I just read the comment from "Unhappy Employer" regarding their experience with a graduate of Eastern Michigan's online marketing program. While I can sympathize with the employer to some extent, there may be an issue of unrealistic expectations here, and that this is not at all an unusual case. After having spent 15 years in the industrial arena, I spent the next 25 in higher education, and found a serious disconnect between what a new graduate is prepared to do and what employers generally seem to expect of them, and this disconnect has gotten worse recently. I'd like to address comments to both of those groups.
Graduates: A degree doesn't mean that you don't have to know something
about your employers business in order to be useful. That degree just gets your foot in the door. Its' then up to you to get up to speed regarding your employers specific needs and issues as quickly as possible. This usually means doing something extra - ask questions,
volunteer for extra projects, etc. Remember that employers hired you to help be part of the solution.
Employers: A degree (at any level) doesn't guarantee that an otherwise inexperienced person will automatically come prepared with specific industry knowledge or background. It isn't the University's responsibility to provide company specific training that you need to do. Our role is to equip graduates with a set of tools and techniques to be able to function in any environment related to their degrees. Perhaps you could hire students as trainees, or institute a co-op program for those still in school. Then, when they do graduate, they'll have at least a basic awareness of your industry and your company's specific needs. As to EMU, my only experience with that school consisted of hiring a "retired" faculty member (he had 30 years there) at my own college. He turned out to be an outstanding teacher and mentor for his students, and when he finally did retire from our college, we all felt the loss. Bob, if you see this, I hope you're doing well.
~Raymond F. Mignogna, PE ~ Associate Dean of Academic Affairs (Ret.)

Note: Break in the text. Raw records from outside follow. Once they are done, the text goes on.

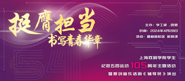 今年的五四青年节前夕,上海戏剧学院举行了“挺膺担当·书写青春华章——纪念五四运动105周年主题活动暨原创音乐话剧《辅导员》演出”。上海市教卫工作党委、市教委、闵行区、松江区有关领导出席本次主题活动。600余名上戏师生共聚新剧场,点燃激情与梦想,澎湃青春与力量。
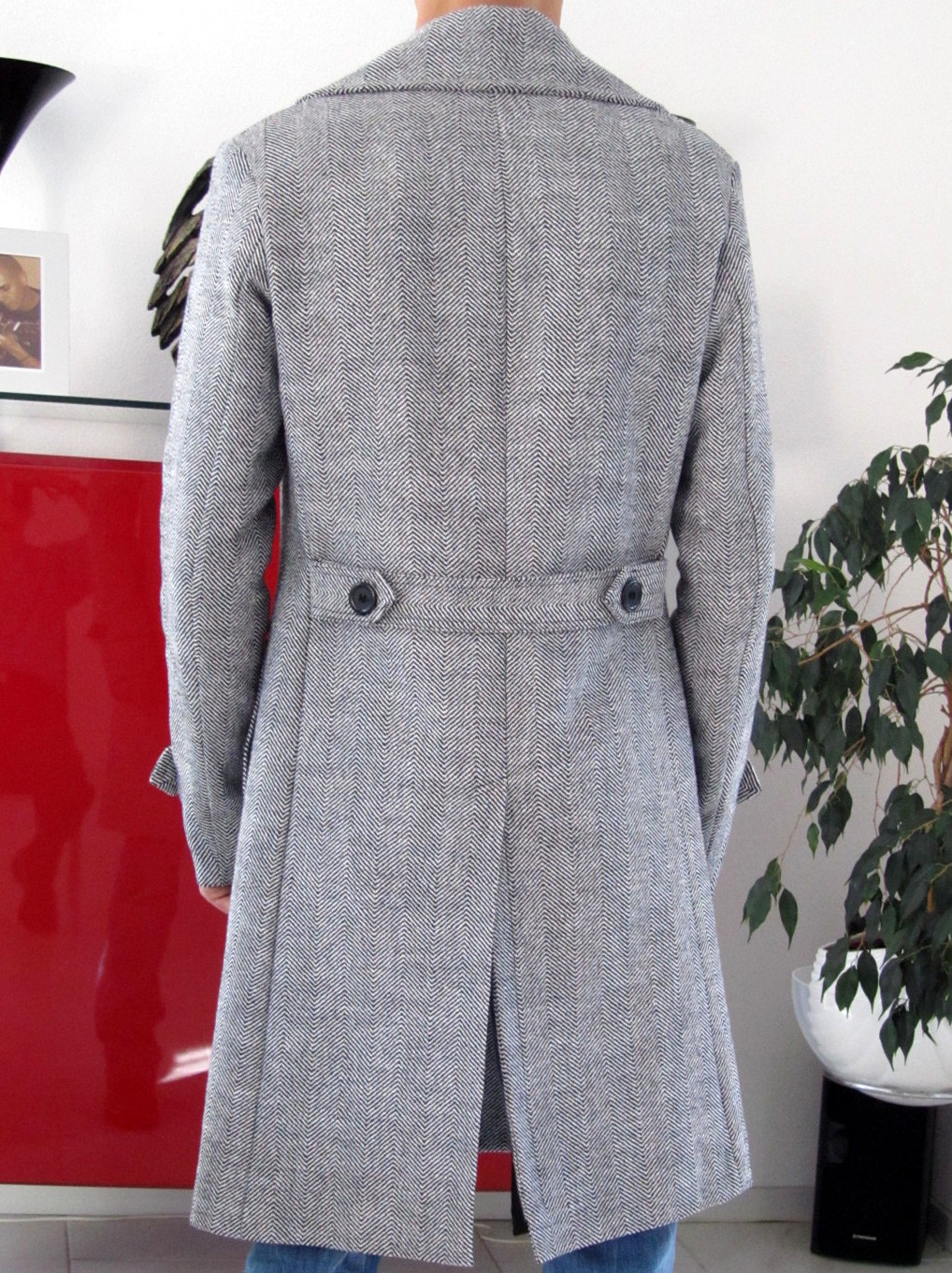 Voor mij een mooie uitdaging om de jas te gaan maken. Angelo gaat op zoek naar een passende stof; hij weet precies wat hij zoekt; het wordt een grove visgraatstof. Deze bestelt hij op een Amerikaanse webshop; de stof was daarmee enige weken onderweg. In overleg met Angelo heb ik eerst een proefmodel gemaakt van een lapje stof van de markt, zodat we beiden zeker weten dat de nieuwe jas helemaal gaat worden zoals Angelo dat voor ogen heeft.
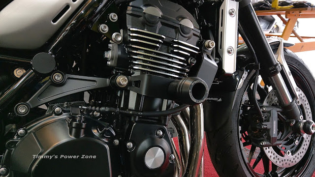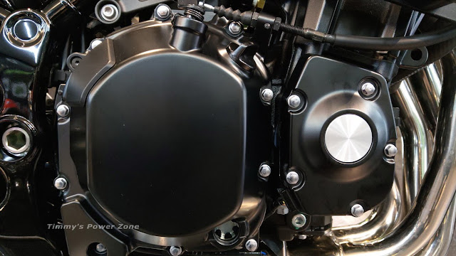 ↓948cc的水冷引擎,引擎的體積目測跟我先前Z750s好像差不多,Z900RS這次在汽缸外觀上加了一些散熱鰭片設計,美觀效果多於實用。(但洗車有點麻煩XD)
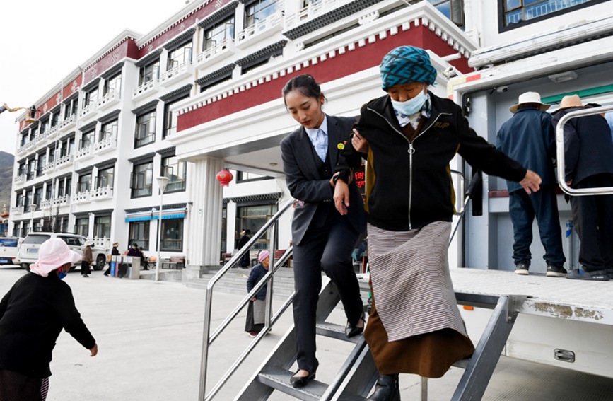 圖為(wei) 農(nong) 行山南乃東(dong) 支行客戶經理娜姆措(左一)攙扶老人走下流動金融服務車。旦增蘭(lan) 澤攝
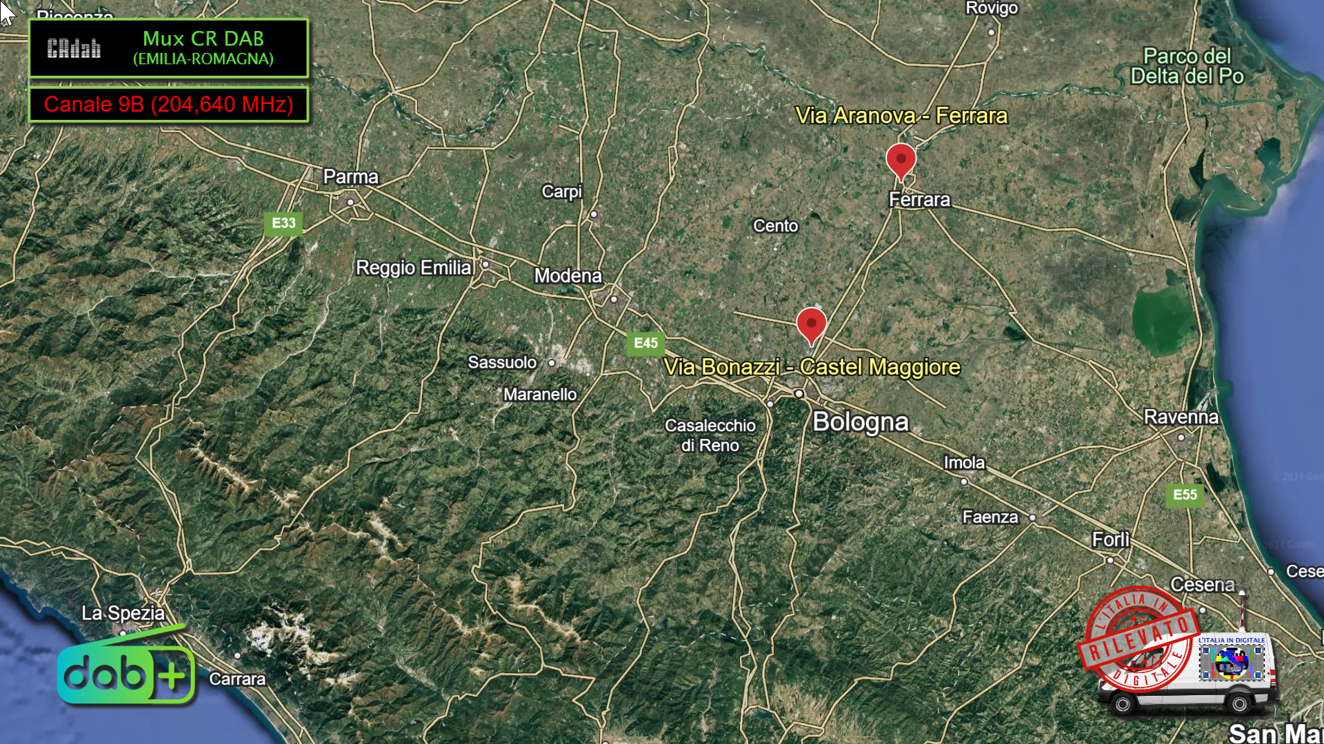 Ci spostiamo in Emilia-Romagna, dove segnaliamo la recente attivazione della versione locale del Mux CR DAB
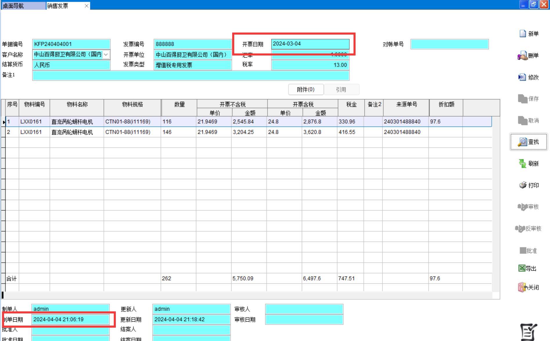 如下圖,4月4號做了一張發票,補3月份的發票,制單日期不能修改,開票日期改成3月份的發生日期。這張發票就算是3月份的發票。
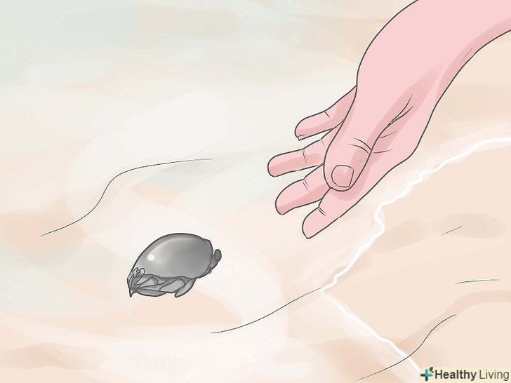 Помітивши плаваючого краба, візьміть його обома руками. пісочні краби можуть дуже швидко вислизнути і заритися в пісок, тому покваптеся.- Вдосталь надивившись на краба, відпустіть його назад у воду. Дикі тварини не люблять проводити час у полоні, а пісочний краб є дуже диким.
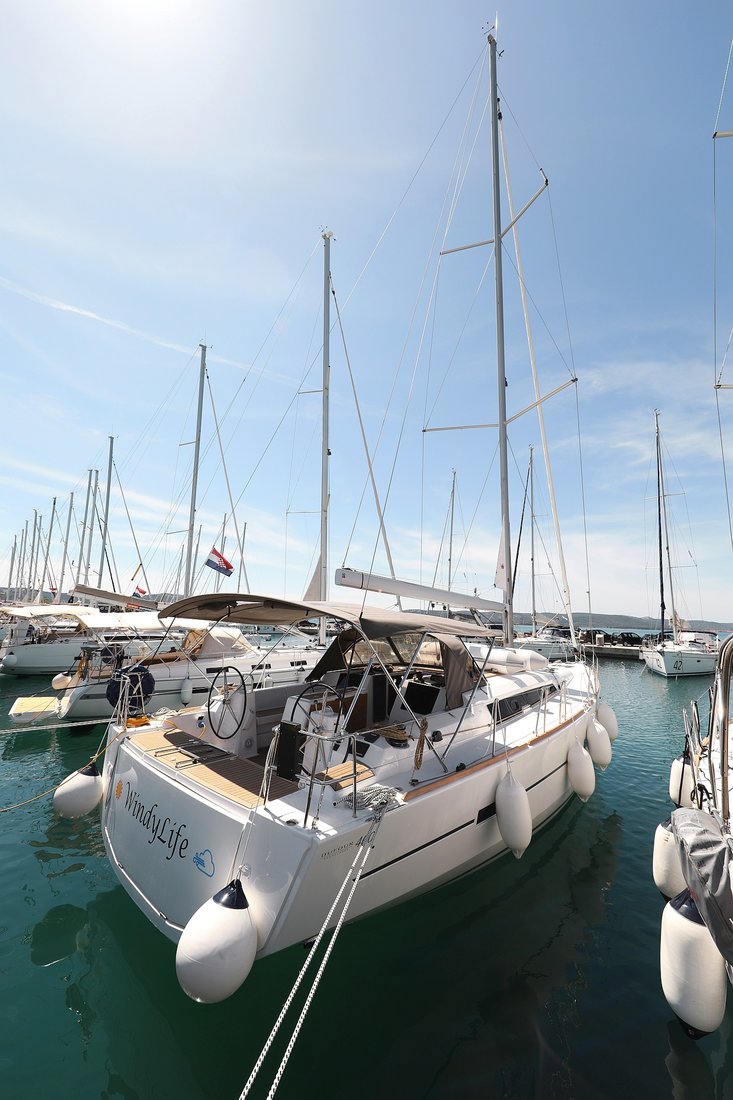 | Outside | 220 V-Landanschluss, Anker mit Kette, Badeplattform, Biminitop, Cockpitdusche, Cockpitkühlschrank, Cockpitlautsprecher, Cockpitpolster, Cockpittisch, elektr. Ankerwinsch, Fender, Festmacherleinen, Gas-Barbecue-Grill im Cockpit, Sprayhood, Teak im Cockpit, Treibanker, Wantenschneider, Windex |
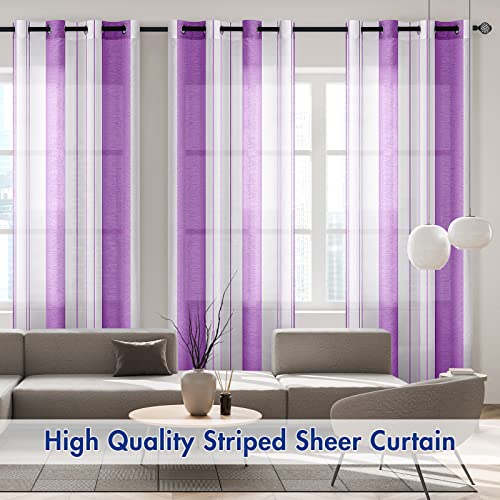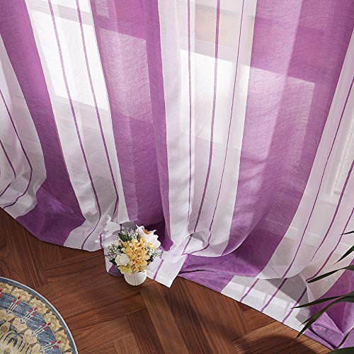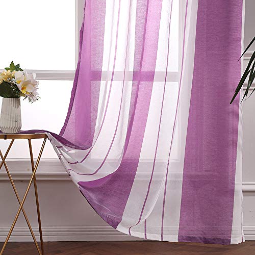 MIULEE Tende per Finestre Tende Trasparenti in Voile Camera da Letto Voile per Soggiorno e Casa con Occhielli 2 Pannelli 140x260 CM Bianco e Porpora
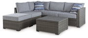 Petal Road - Loveseat Sectional, Ottoman, Table Set (Set of 4) - Gray
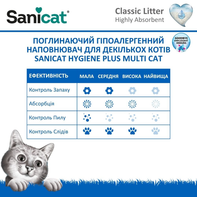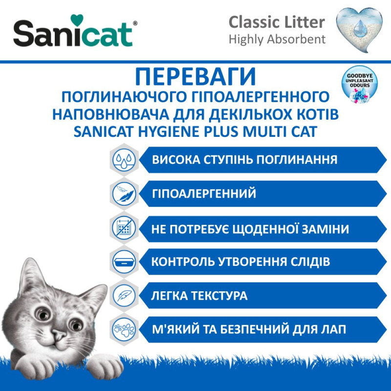 Sanicat Hygiene Plus Multi Cat Поглинаючий гіпоалергенний наповнювач для декількох котів, що не прилипає до лап
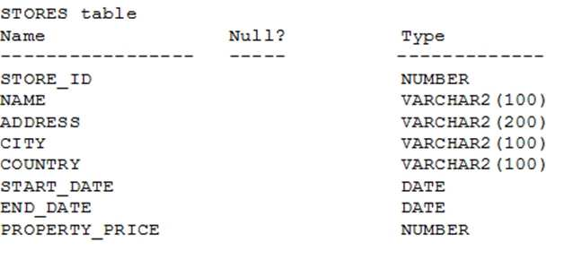 View the exhibit and examine the structure of the STORES table.
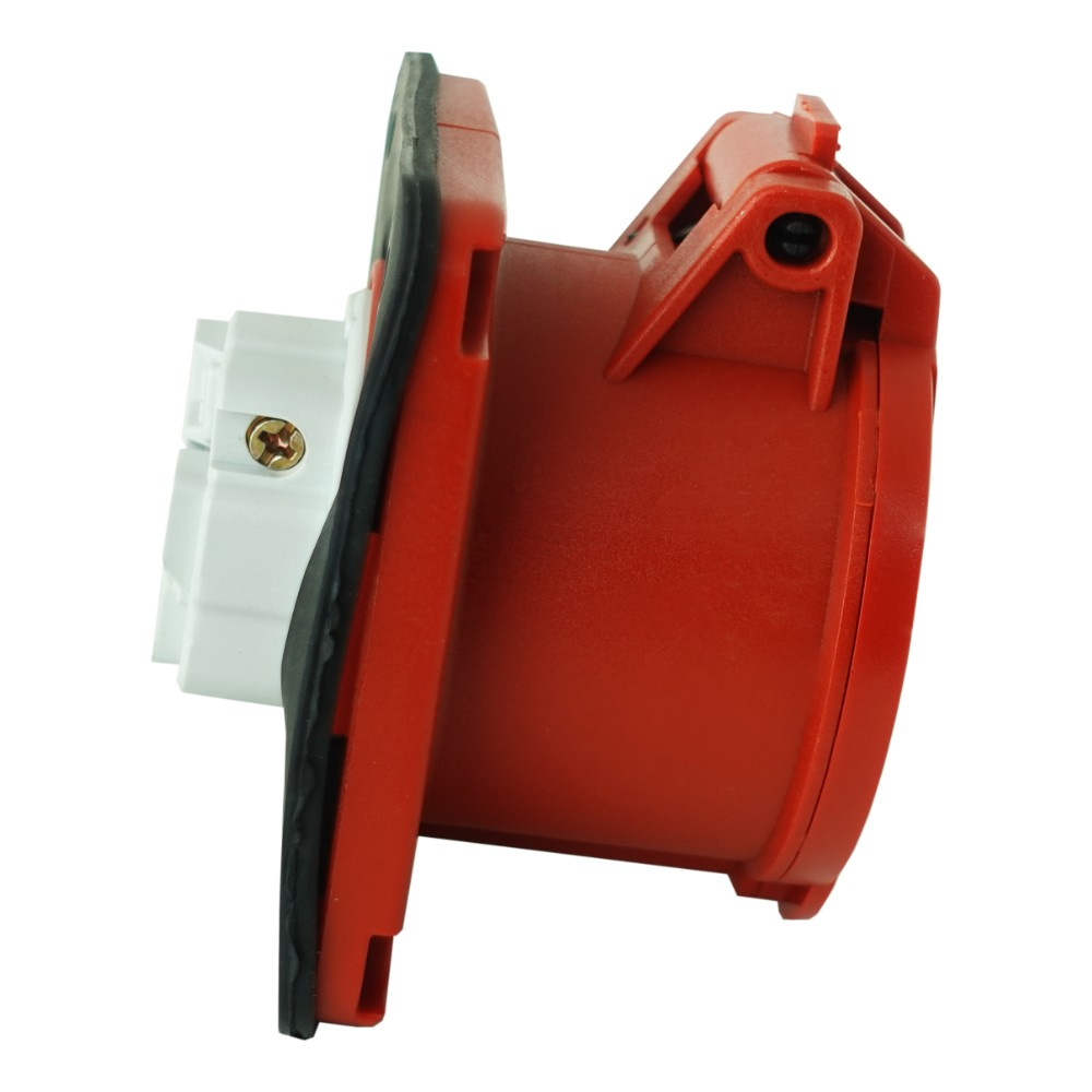 ➡️ Wysokiej jakości gniazdo tablicowe proste 400V o stopniu ochrony IP44. Gniazdo znajdzie zastosowanie w przemyśle, magazynach, halach produkcyjnych, placach budowy i wielu innych obszarach. Gniazda mogą być stosowane jako komponent rozdzielnic budowlanych, puszek rozdzielczych itp. Solidna konstrukcja zapewnia wysoką odporność na uderzenia.
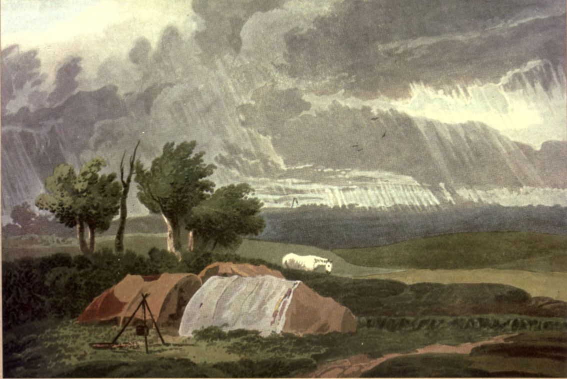 The clouds, indigo and Indian red, finished with indigo and lake, and a few touches of light red, subdued with a little indigo on the edges of the clouds; the distance, with the same grey colour as the clouds; the bright greens, burnt sienna, indigo, and gamboge, glazed with Vandyke brown; the gipsey tents are lightly coloured with lake and a little black, and varied with a few clear tints.
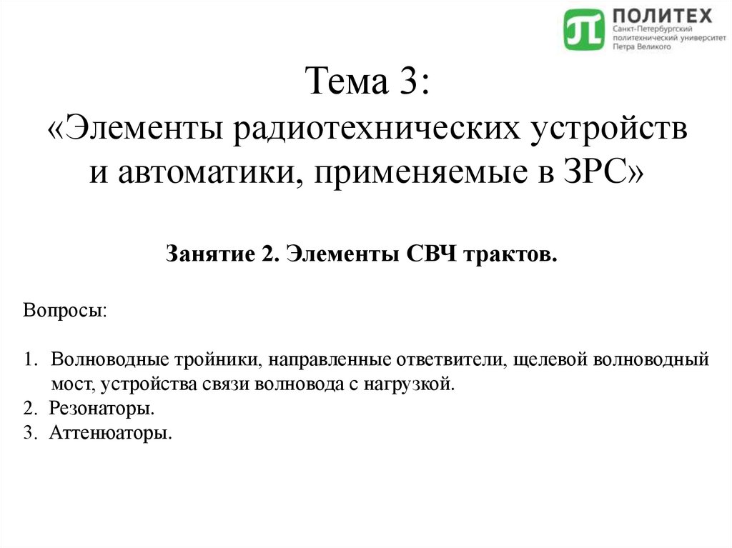 1. Тема 3: «Элементы радиотехнических устройств и автоматики, применяемые в ЗРС»

Westchester Community College
Name: Unhappy Employer
Post On: January 8, 2010
We hired a recent graduate of this online marketing degree program. He had a high GPA and good college record. But his knowledge of marketing was all textbook with no practicality. He also had remarkably little street smarts about marketing. We were not impressed. The exact opposite. We let him go. We've never hired an EMU grad before so have no comparative knowledge of this college. Have other employers hired from this program?
Post On: March 17, 2009
I have found the IMC program at EMU to be challenging and worthwhile. The professors provide excellent and timely feedback on assignments, and the curriculum is highly relevant to today's business climate. I would recommend this program to anyone interested in a comprehensive overview of marketing.